Hearses, goats and bags of shit
- Peep Show writers Jesse Armstrong and Sam Bain say they have often used the experiences of one of their Channel 4 bosses in their scrips. ‘Like the time he did a shit into a McDonald's bag because he was on the telephone and couldn't get to the toilet. He tried to flush the bag down the loo but it got blocked and for the next three weeks he had to go to the pub every time he needed the toilet. We put something very similar in series three.’
- Ross Noble isn’t taking his mum’s advice about not talking to strangers. While touring Australia on a motorbike, a man approached him in Broken Hill and said: ‘Follow me.’ He did, and was shown a custom-built Harley-Davidson hearse. Noble, naturally enough, lay in the coffin space while the local drove him to the cemetery.
- Peter Kay went to see the Dancing On Ice spectacular at Manchester’s MEN Arena last weekend.
- Rock band Medusa smuggled a goat in to the studios where Russell Brand was recording a pilot of his Marvellous Ballbags chat show. They stole the animal en route to the recording and sneaked it into Brand’s dressing room where it chomped on his clothes and shat in his shoes. The comic apparently thought it was funny. Medusa, you might remember, previously garnered publicity on the back of their relationship Brand after stealing his garden gnome.

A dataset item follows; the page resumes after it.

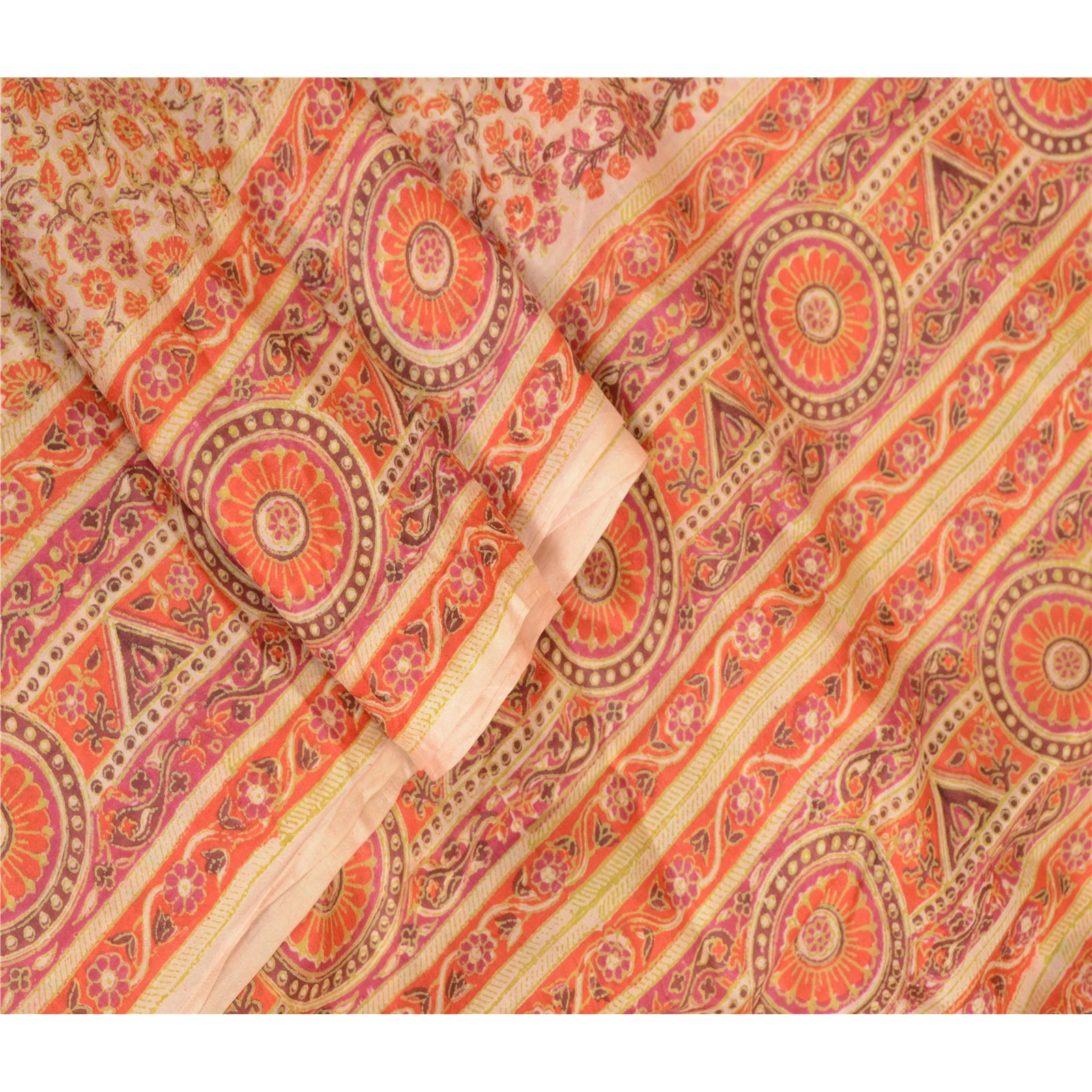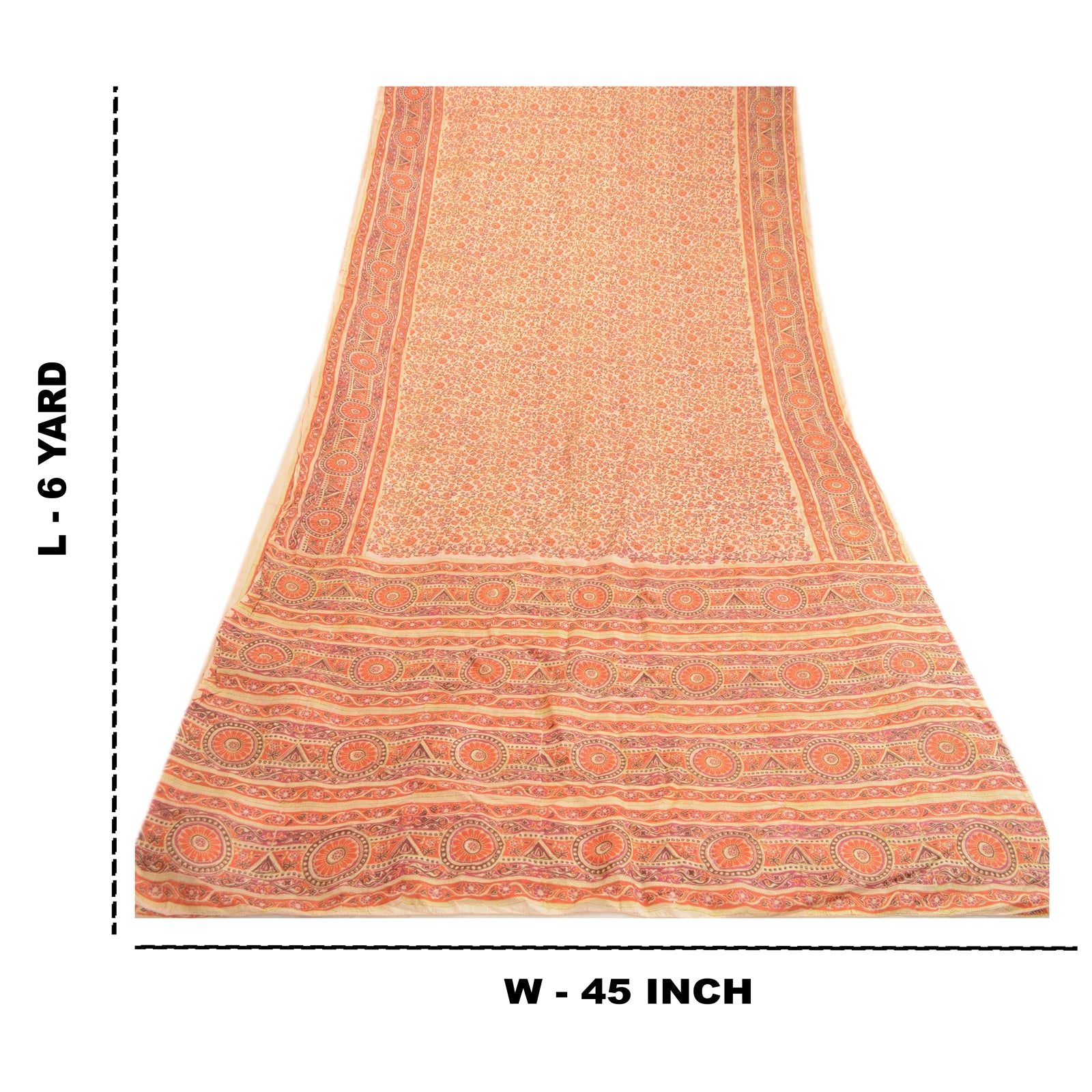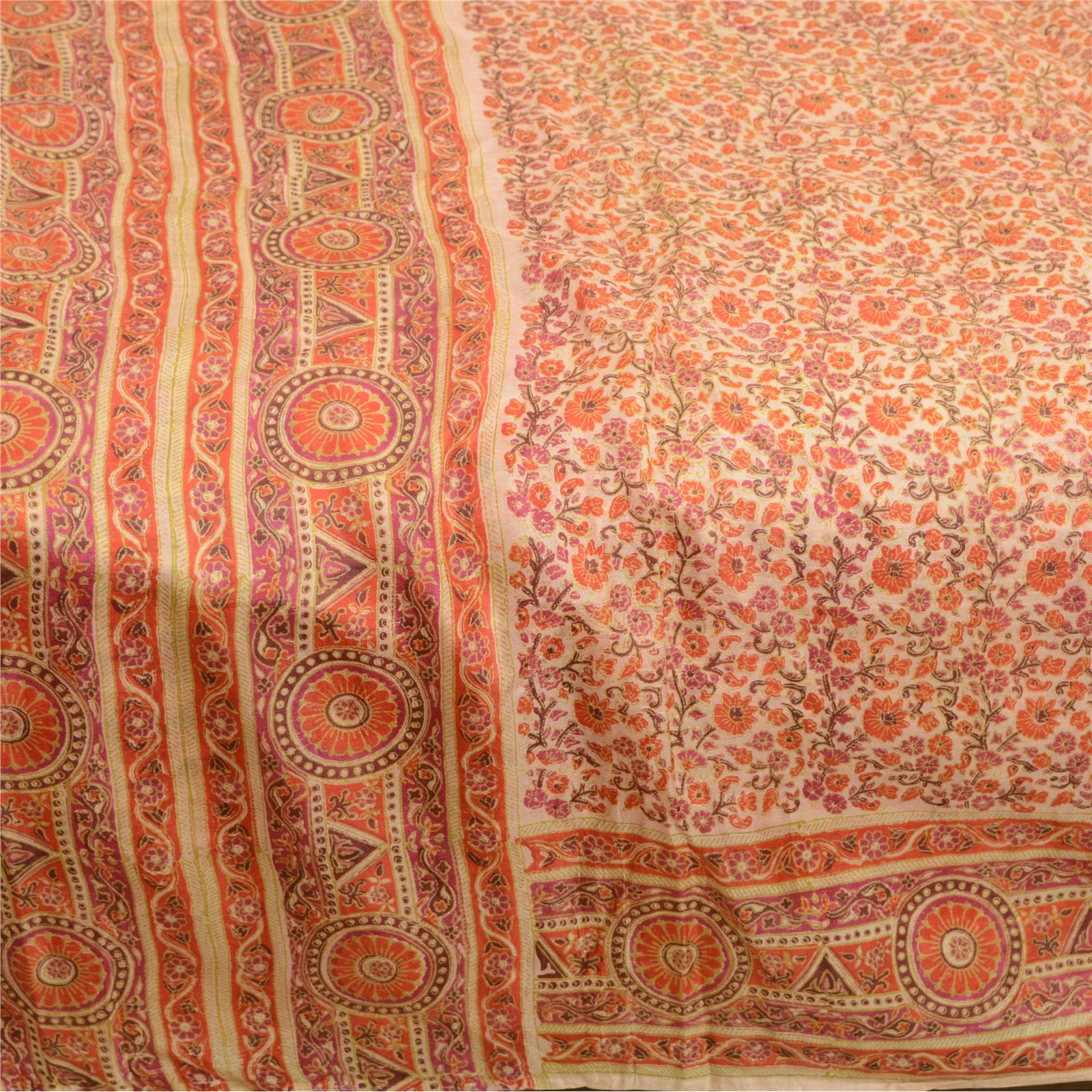 Sanskriti Vintage Sarees Red Indian Printed Pure Silk Sari Soft 5yd Craft Sustainable Fabric

- The Daily Mail showed their on-the-pulse grasp of comedy and popular culture this week, when they confused their catchphrases in a picture story that they managed to headline: ‘Little Britain star bovvered by taxi wait.’
- Armando Iannucci loves Battlestar Galactica.
- Ricky Gervais continues to annoy his neighbours with the noisy building work to add an underground swimming pool to his Hampstead mansion. Columnist Antonia Bland this week complains that his Victorian manor ‘now looks like Hitler's bunker’. She added: ‘When I first heard he was moving to our street, I imagined he'd be the most discreet of neighbours. In the event, his entrance has been worthy of P Diddy. For someone so keen on his “ordinary bloke” image, he seems to be flying far too close to the flaming object of his satire, celebrity madness.’